There are also potential legal issues with regards to using generative AI powered by models trained on data that is “scraped from the web,” Pattisall said. Reddit, Twitter and Stack Overflow have said they’ll charge AI firms to be used of the mounds of knowledge on their platforms.
Scott McKelvey, a longtime marketing author and consultant, cited other limitations surrounding the standard of the output. Based on his limited experience with ChatGPT, the AI chatbot created by OpenAI, McKelvey said the technology fails to provide the form of long-form content that firms could find useful as promotional copy.
“It could actually provide fairly generic content, pulling from information that is already on the market,” McKelvey said. “But there is no distinctive voice or standpoint, and while some tools claim to find a way to learn your brand voice based in your prompts and your inputs, I have not seen that yet.”
An OpenAI spokesperson declined to comment.
A spokesperson for Meta said in an email that the corporate has done extensive research to attempt to mitigate bias in its AI systems. Moreover, the corporate said it has brand-safety tools intended to present advertisers more control over where their ads appear online and it’s going to remove any AI-generated content that is in violation of its rules.
“We’re actively monitoring any recent trends in AI-generated content,” the e-mail said. “If the substance of the content, no matter its creation mechanism, violates our Community Standards or Ads Standards, we remove the content. We’re within the strategy of reviewing our public-facing policies to make sure that this standard is evident.”
The Meta spokesperson added that as recent chatbots and other automated tools come to market, “the industry will need to seek out ways to satisfy novel challenges for responsible deployment of AI in production” and “Meta intends to stay on the forefront of that work.”

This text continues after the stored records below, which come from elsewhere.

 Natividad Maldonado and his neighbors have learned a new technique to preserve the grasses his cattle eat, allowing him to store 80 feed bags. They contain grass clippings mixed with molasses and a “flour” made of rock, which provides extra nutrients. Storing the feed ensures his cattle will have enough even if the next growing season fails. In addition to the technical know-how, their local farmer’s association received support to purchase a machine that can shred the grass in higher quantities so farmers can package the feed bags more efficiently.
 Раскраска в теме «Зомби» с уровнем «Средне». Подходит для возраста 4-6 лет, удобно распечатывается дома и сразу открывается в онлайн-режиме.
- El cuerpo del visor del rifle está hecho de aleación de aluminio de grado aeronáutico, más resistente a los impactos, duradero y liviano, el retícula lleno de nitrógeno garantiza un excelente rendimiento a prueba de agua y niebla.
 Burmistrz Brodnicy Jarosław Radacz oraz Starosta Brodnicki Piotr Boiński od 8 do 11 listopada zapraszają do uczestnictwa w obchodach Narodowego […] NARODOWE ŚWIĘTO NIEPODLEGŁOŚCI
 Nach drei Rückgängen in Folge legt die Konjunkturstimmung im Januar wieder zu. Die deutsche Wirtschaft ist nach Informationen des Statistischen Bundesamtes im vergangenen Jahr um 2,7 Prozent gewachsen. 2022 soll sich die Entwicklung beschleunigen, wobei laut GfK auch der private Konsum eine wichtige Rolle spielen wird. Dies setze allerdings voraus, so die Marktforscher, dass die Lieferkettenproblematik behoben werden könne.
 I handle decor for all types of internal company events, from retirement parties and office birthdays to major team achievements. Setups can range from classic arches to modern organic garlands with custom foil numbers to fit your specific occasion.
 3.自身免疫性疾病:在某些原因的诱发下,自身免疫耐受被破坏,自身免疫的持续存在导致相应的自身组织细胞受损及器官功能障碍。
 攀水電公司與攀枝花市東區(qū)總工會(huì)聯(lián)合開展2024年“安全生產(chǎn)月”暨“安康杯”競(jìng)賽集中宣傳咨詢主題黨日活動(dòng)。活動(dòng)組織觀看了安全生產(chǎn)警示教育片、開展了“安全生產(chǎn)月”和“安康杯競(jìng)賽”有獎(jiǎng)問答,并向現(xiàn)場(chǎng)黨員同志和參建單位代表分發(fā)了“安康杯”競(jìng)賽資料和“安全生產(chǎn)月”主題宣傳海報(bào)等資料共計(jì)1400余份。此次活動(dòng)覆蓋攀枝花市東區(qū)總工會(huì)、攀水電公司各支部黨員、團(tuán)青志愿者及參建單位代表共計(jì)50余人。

Stacy Reed, an internet marketing and Facebook ads consultant, is currently incorporating generative AI into her day by day work. She’s using the software to give you variations of Facebook promoting headlines and short copy, and said it has been helpful in a world where it’s harder to trace users online.

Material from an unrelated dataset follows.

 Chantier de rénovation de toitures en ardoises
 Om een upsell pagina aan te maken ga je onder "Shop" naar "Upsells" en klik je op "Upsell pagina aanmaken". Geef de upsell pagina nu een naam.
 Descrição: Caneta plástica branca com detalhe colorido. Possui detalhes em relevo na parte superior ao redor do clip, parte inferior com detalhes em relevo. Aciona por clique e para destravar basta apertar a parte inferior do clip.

Reed described generative AI as a great “start line,” but said firms and marketers still have to hone their very own brand messaging strategy and never depend on generic content. Generative AI doesn’t “think” like a human strategist when producing content and infrequently relies on a series of prompts to refine the text, she explained.

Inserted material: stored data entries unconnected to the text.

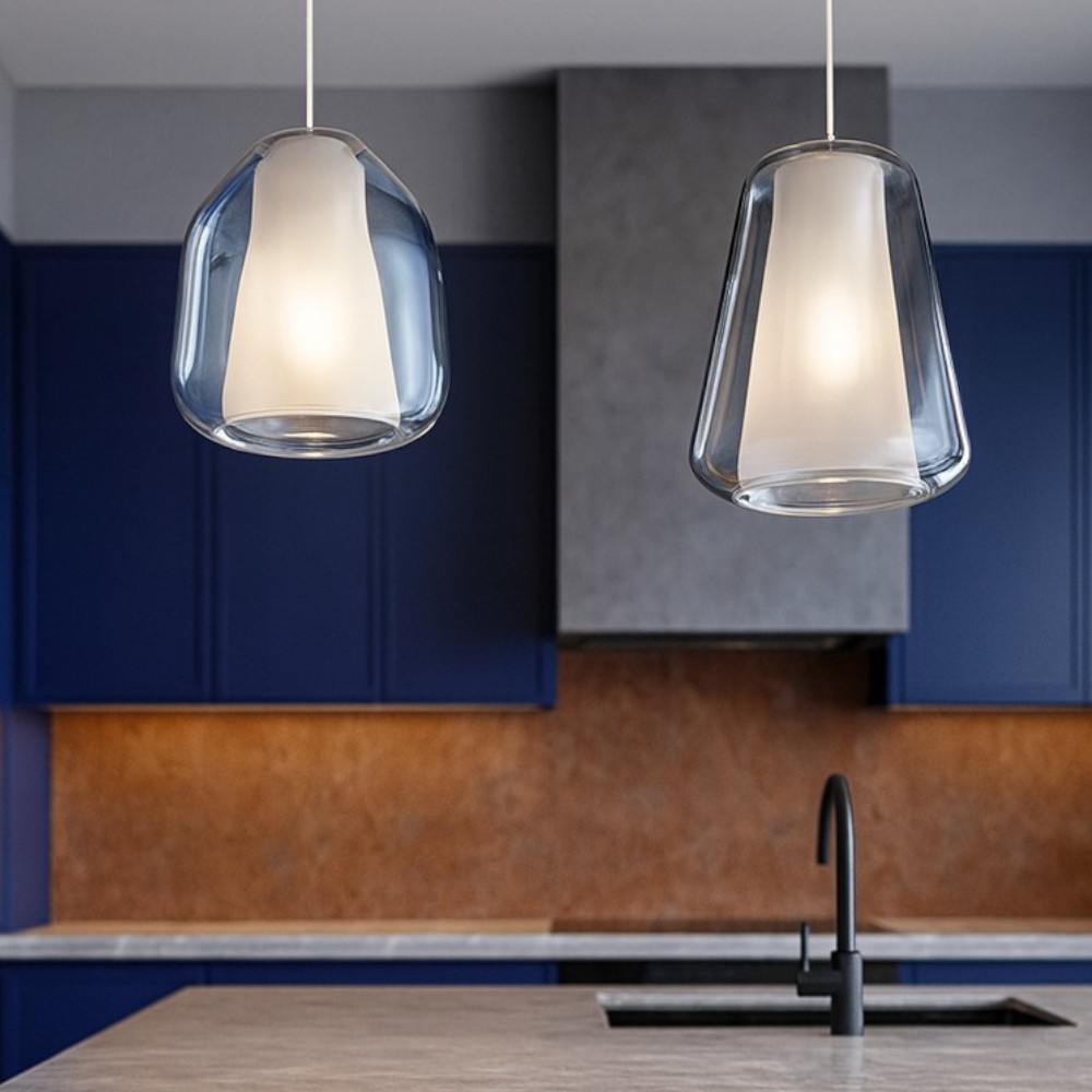 Lampadario per cucina moderna led 3000k paralumi vetro ambrato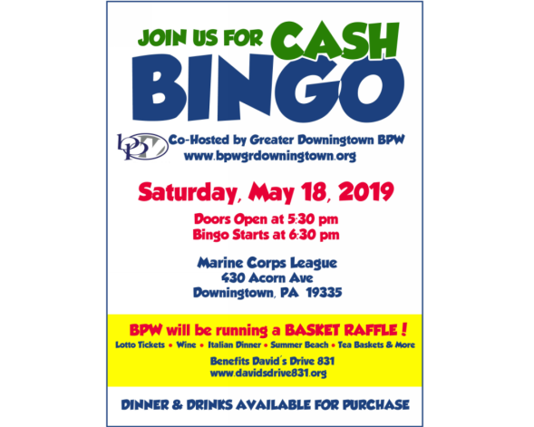 Greater Downingtown BPW’s fundraiser on 5/19/18 was a great success. The host location was the Marie Corps League’s Bingo in Downingtown, PA. The fundraiser was for David’s Drive 831, an organization that helps the homeless and hospitalized veterans. Along with the bingo, Greater Downingtown members created baskets to raffle as part of the fundraiser.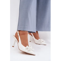 Dámské sandály na podpatku s mašlí bílé model 22027969 - Boto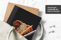 Le bloc -notes a une couverture rigide et est fini avec une reliure noire. Cette reliure a un aspect daim, ce qui lui donne un aspect luxueux. En raison de la reliure noire, le carnet a un dos partiellement noir. En raison de sa taille compacte, le carnet à couverture rigide est facile à transporter.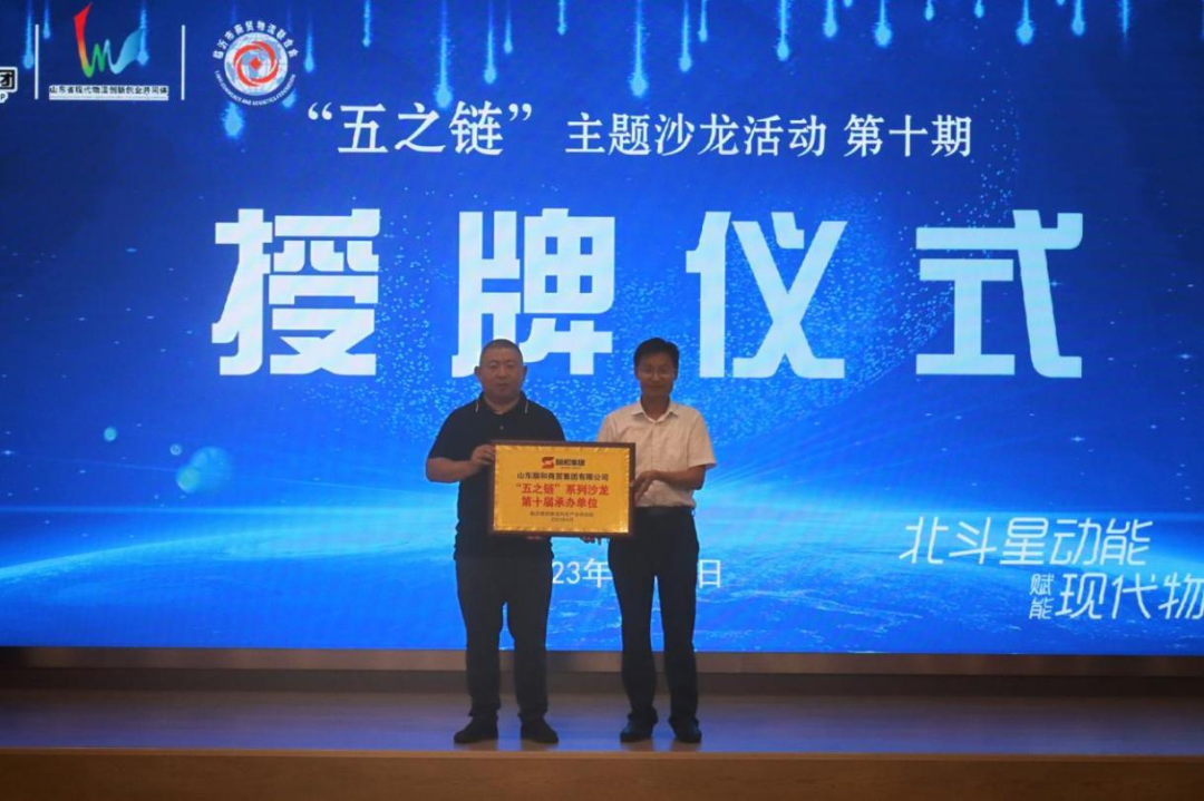 2023年8月25日下午,由臨沂市商貿物流科技產業(yè)研究院主辦,山東順和商貿集團有限公司、臨沂市商貿物流聯(lián)合會承辦的《第十期“五之鏈”物流主題沙龍——應用示范北斗星動能 數字賦能現代物流城》活動在臨沂商貿服務型國家物流樞紐山東順和國際智慧物流園成功舉行。新疆巴州恒立供銷合作社副主任、二級調研員劉成軍,蘭山商城管委會國際陸港建設服務中心主任杜慶明,臨沂商城管委會規(guī)劃服務科科長彭飛,臨沂商貿物流科技產業(yè)研究院院長張家瑋,集團黨委副書記、董事長許大勇,集團董事、副總經理李邦,新疆絲路九鼎梨城農產品經營管理公司董事長買買提江.吐爾地,山東連勝體育產業(yè)有限公司董事長宋連勝,臨沂商貿物流科技產業(yè)研究院副院長高元磊等企業(yè)和臨沂市商貿物流聯(lián)合會代表參與了此次沙龍活動。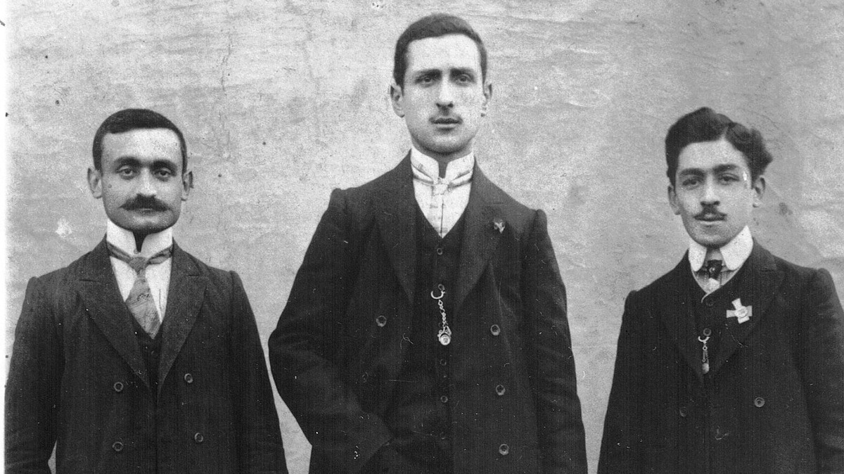 Dawn Anahid MacKeen's grandfather, Stepan Miskjian (left), is pictured with friends around 1910, just a few years before the Armenian genocide.

Thus, firms shouldn’t simply depend on the technology to do the massive picture considering of knowing what themes resonate with different audiences or easy methods to execute major campaigns across multiple platforms.
“I’m coping with large brands which might be struggling, because they have been so disconnected from the common customer that they are not speaking their language,” Reed said.
For now, major ad agencies and large firms are using generative AI mostly for pilot projects while waiting for the technology to develop, industry experts said.
Earlier this yr, Mint Mobile aired an ad featuring actor and co-owner Ryan Reynolds reading a script that he said was generated from ChatGPT. He asked this system to write down the ad in his voice and use a joke, a curse word and to let the audience know that the promotion remains to be going.
After reading the AI-created text, Reynolds said, “That’s mildly terrifying, but compelling.”